===== Available records

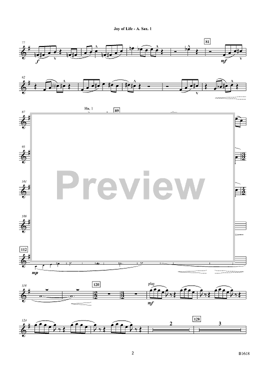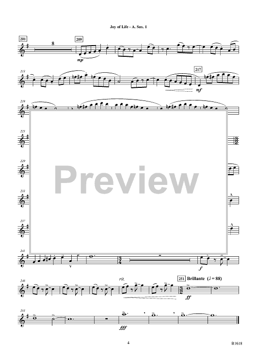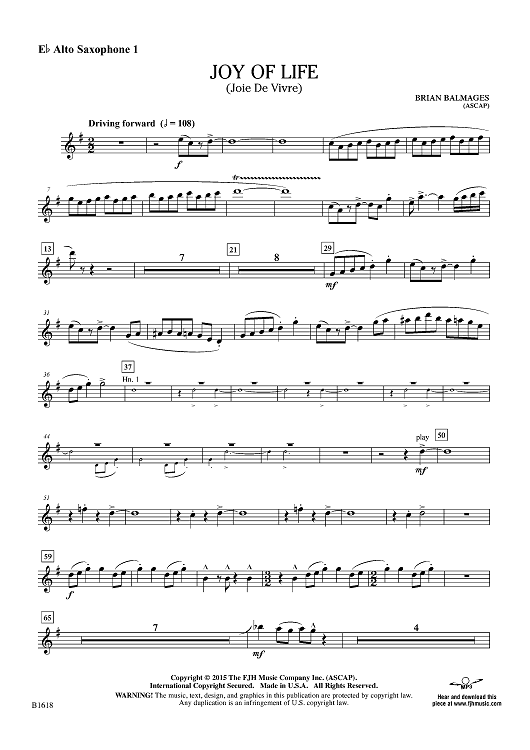 Digital Sheet Music for Joy of Life (Joie de Vivre) - Eb Alto Sax 1 by Brian Balmages scored for Concert Band; id:454546
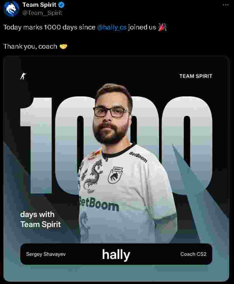 Spirit在BLAST 世界总决赛2024中成功晋级总决赛,而就在今天,队内教练hally达成了执教Spirit一千天的成就。
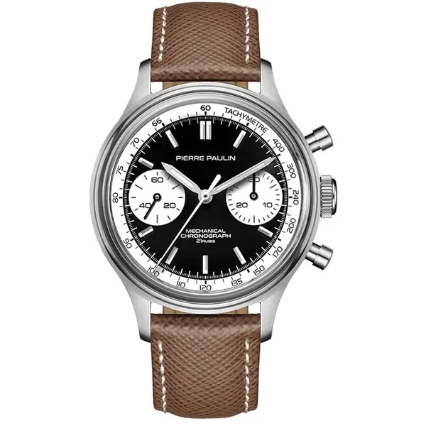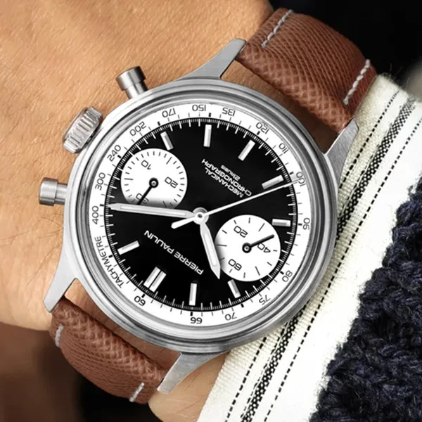 Business Men's Panda Chronograph Super Luminous 38mm Acrylic Watches 1963 Sea-gull Movement Gooseneck Mechanical Hand Wind Clock Fashion Luxury
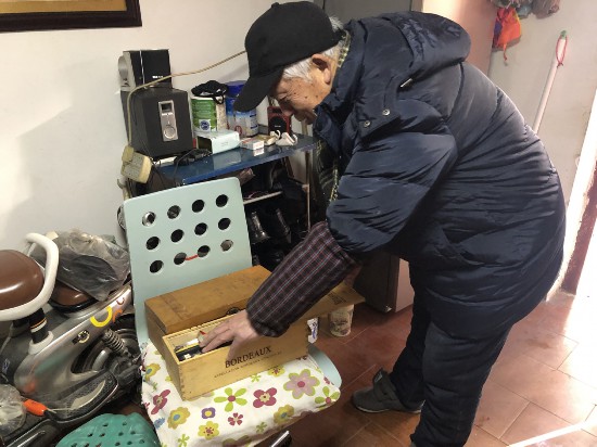 吕炎老人正在整理自己的修理工具。 陈晨 摄
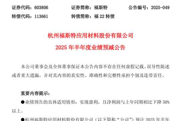 光伏胶膜上市企业杭州福斯特应用材料股份有限公司(简称:福斯特)近日发布了《2025年半年度业绩预减公告》。报告期内,福斯特预计实现归母净利润4.73亿元,同比大幅下降49.05%;扣非净利润4.26亿元,同比降幅达52.65%。 福斯特认为,公司本期业绩预减的主要原因包括: 1、受光伏行业产能过剩,市场竞争加剧等影响,与上年同期相...
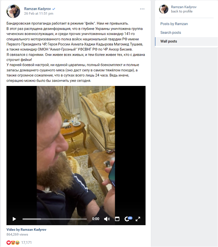 卡德罗夫在视频的配文中写道,“班德拉(编者注:二战期间‘乌克兰民族主义组织’领袖)的宣传正在‘假消息’模式下进行,我们对此早已习惯。这一次有谣言称,一群车臣士兵在乌克兰深处地带被歼灭,其中包括第141特种摩托化团指挥官穆罕默德·图沙耶夫和‘阿赫马特-格罗兹内’特警队指挥官阿佐尔·比萨耶夫。我联系了他们,他们比所有活着的人都更加有活力,比那些坐在沙发上敲出假消息的人更有活力。这些小伙子们斗志昂扬,没有一丝一毫的伤痕,他们弹药充足,自制的肉干也很充足(在最艰难的行动中肉干可以给予力量)。他们非常遗憾一天只有24小时,不然的话,今天就可以结束行动了。”
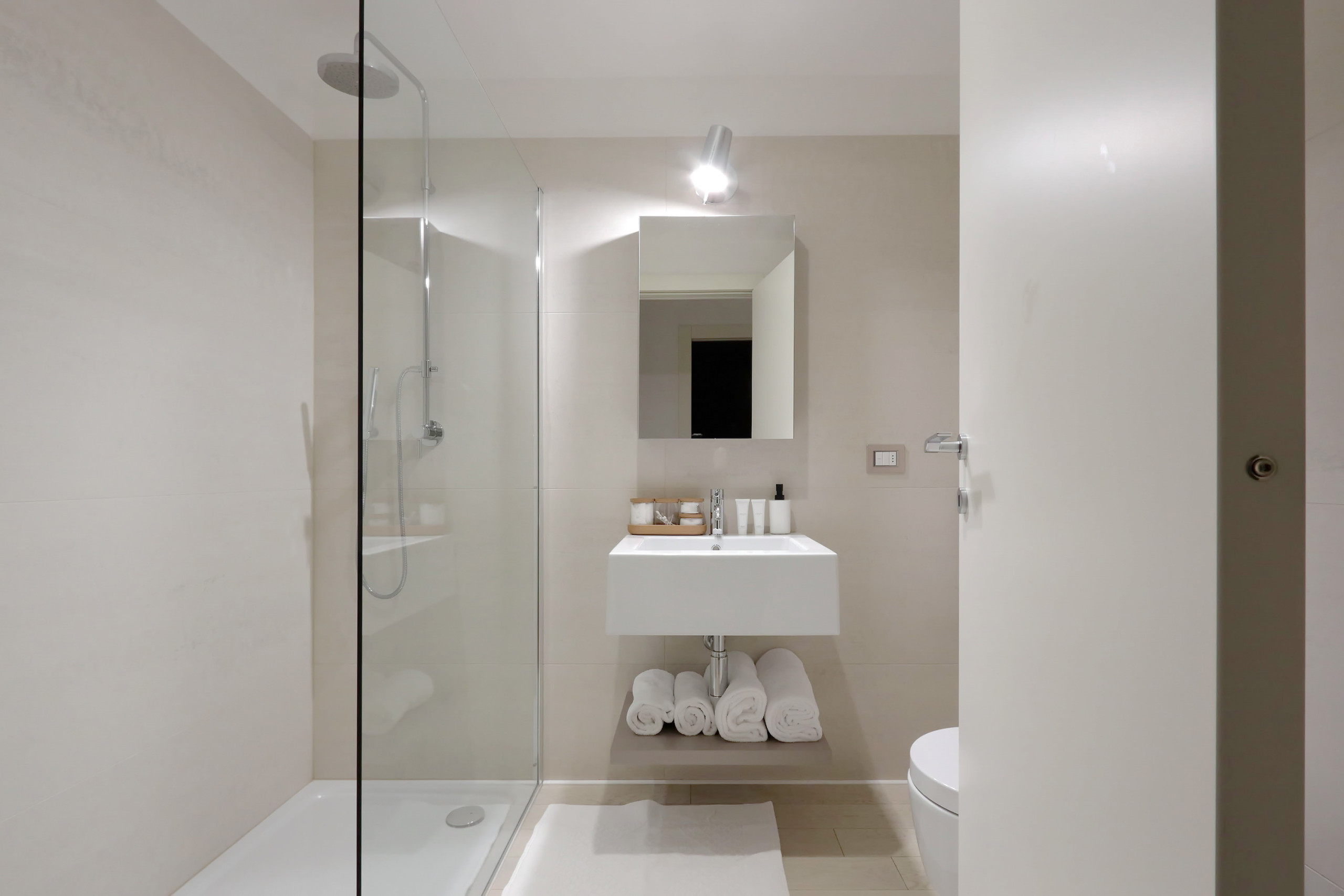 In a refined context enveloped by natural light, this open-space apartment represents the perfect harmony between contemporary comfort and Mediterranean charm. The two bedrooms, carefully curated in every detail, offer intimate and welcoming environments, while the bathroom, with its sober and elegant style, provides a daily experience of well-being and relaxation.
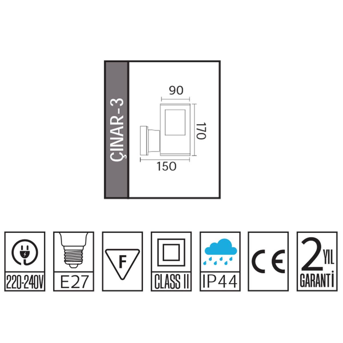 Horoz Çınar-3 Bahçe Aydınlatma Apliği E27 Duylu
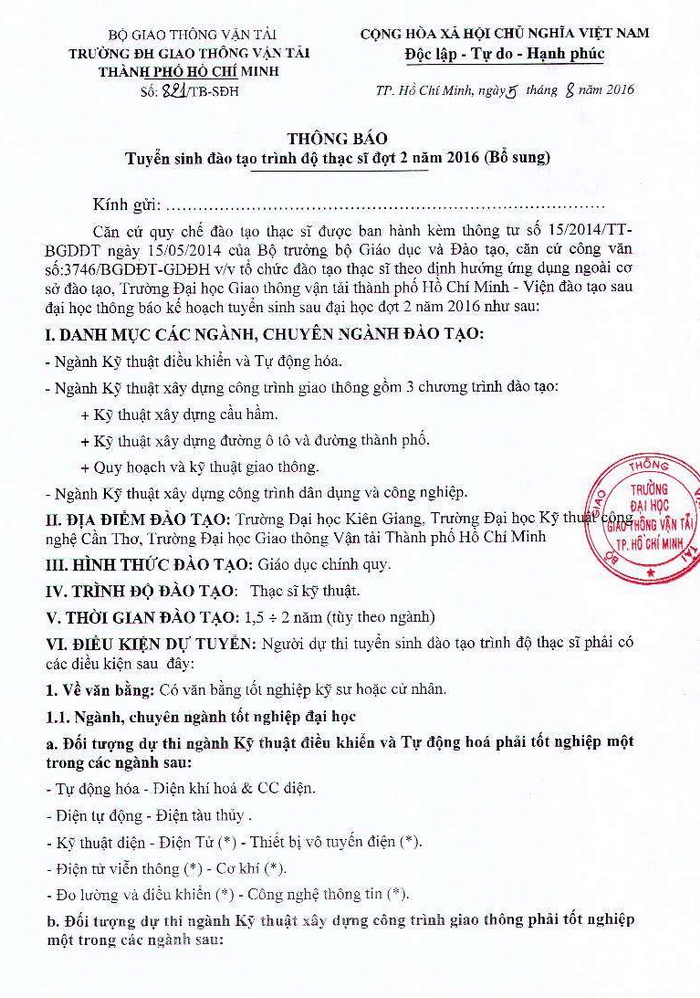 Trường ĐH Giao thông vận tải TP. HCM thông báo tuyển sinh Đại học, Cao đẳng chính quy năm 2016
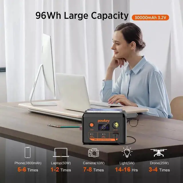 Durable & Safe The portable laptop charger comes with a 30, 000mAh/96Wh capacity LiFePO4 battery pack and 100W pure sine wave, Completely different from lithium batteries, power station LiFePO4 Batteries can be used and charged more than 3000 times, while the advanced BMS protection function can monitor voltage, current and temperature, enabling your power station to operate for a long time.
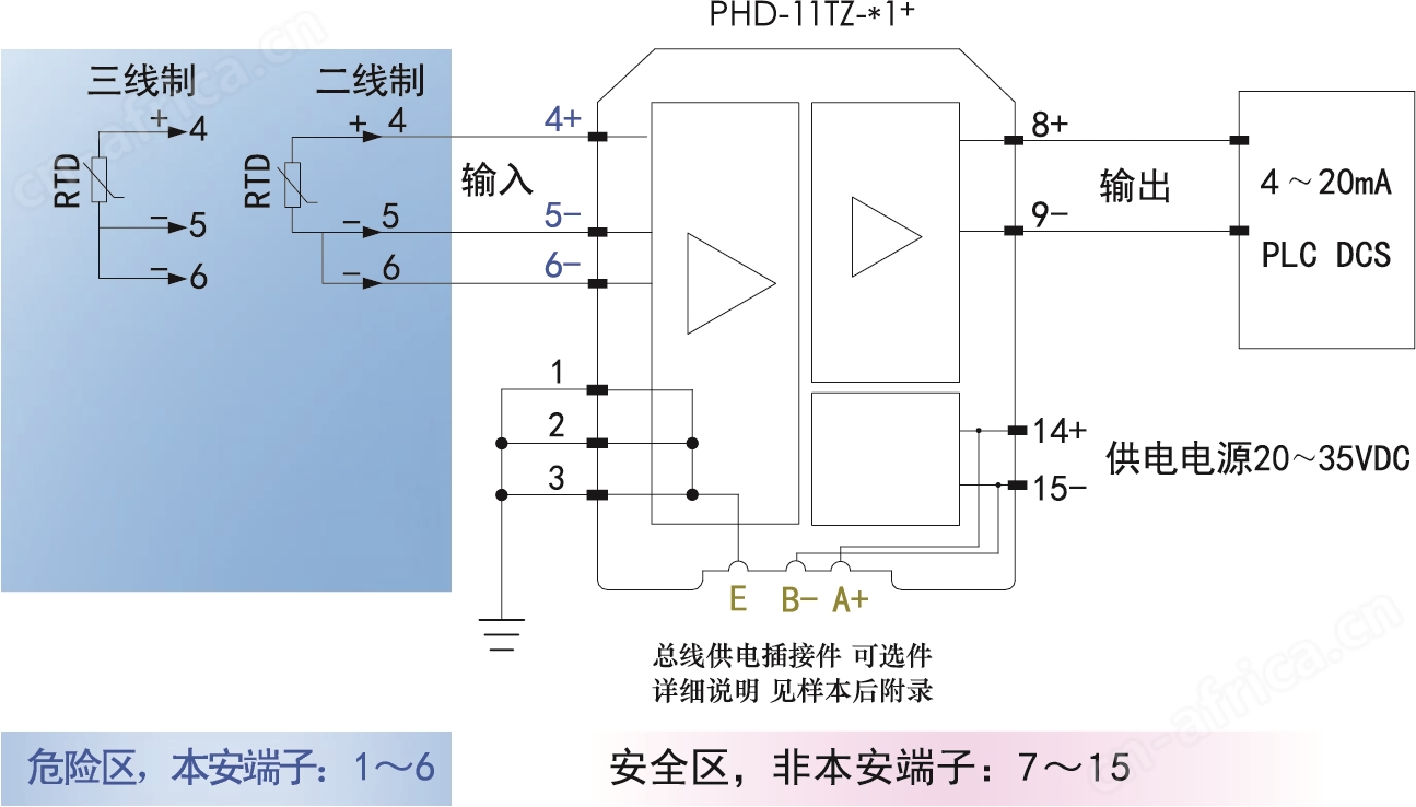 电涌保护型热电阻输入隔离栅,可将危险区域内的热电阻(RTD)信号转换为4~20mA电流信号,输出到安全区。可智能组态,热电阻的实际量程范围可通过计算机软件进行设定。具有断线报警功能和超出量程范围报警功能。

==========

Directions for this task » Set down only the lines running from the line with "Business Men's Panda" to the end of the entries, inclusive; omit every picture.

Exercise answer »
 Business Men's Panda Chronograph Super Luminous 38mm Acrylic Watches 1963 Sea-gull Movement Gooseneck Mechanical Hand Wind Clock Fashion Luxury
 吕炎老人正在整理自己的修理工具。 陈晨 摄
 光伏胶膜上市企业杭州福斯特应用材料股份有限公司(简称:福斯特)近日发布了《2025年半年度业绩预减公告》。报告期内,福斯特预计实现归母净利润4.73亿元,同比大幅下降49.05%;扣非净利润4.26亿元,同比降幅达52.65%。 福斯特认为,公司本期业绩预减的主要原因包括: 1、受光伏行业产能过剩,市场竞争加剧等影响,与上年同期相...
 卡德罗夫在视频的配文中写道,“班德拉(编者注:二战期间‘乌克兰民族主义组织’领袖)的宣传正在‘假消息’模式下进行,我们对此早已习惯。这一次有谣言称,一群车臣士兵在乌克兰深处地带被歼灭,其中包括第141特种摩托化团指挥官穆罕默德·图沙耶夫和‘阿赫马特-格罗兹内’特警队指挥官阿佐尔·比萨耶夫。我联系了他们,他们比所有活着的人都更加有活力,比那些坐在沙发上敲出假消息的人更有活力。这些小伙子们斗志昂扬,没有一丝一毫的伤痕,他们弹药充足,自制的肉干也很充足(在最艰难的行动中肉干可以给予力量)。他们非常遗憾一天只有24小时,不然的话,今天就可以结束行动了。”
 In a refined context enveloped by natural light, this open-space apartment represents the perfect harmony between contemporary comfort and Mediterranean charm. The two bedrooms, carefully curated in every detail, offer intimate and welcoming environments, while the bathroom, with its sober and elegant style, provides a daily experience of well-being and relaxation.
 Horoz Çınar-3 Bahçe Aydınlatma Apliği E27 Duylu
 Trường ĐH Giao thông vận tải TP. HCM thông báo tuyển sinh Đại học, Cao đẳng chính quy năm 2016
 Durable & Safe The portable laptop charger comes with a 30, 000mAh/96Wh capacity LiFePO4 battery pack and 100W pure sine wave, Completely different from lithium batteries, power station LiFePO4 Batteries can be used and charged more than 3000 times, while the advanced BMS protection function can monitor voltage, current and temperature, enabling your power station to operate for a long time.
 电涌保护型热电阻输入隔离栅,可将危险区域内的热电阻(RTD)信号转换为4~20mA电流信号,输出到安全区。可智能组态,热电阻的实际量程范围可通过计算机软件进行设定。具有断线报警功能和超出量程范围报警功能。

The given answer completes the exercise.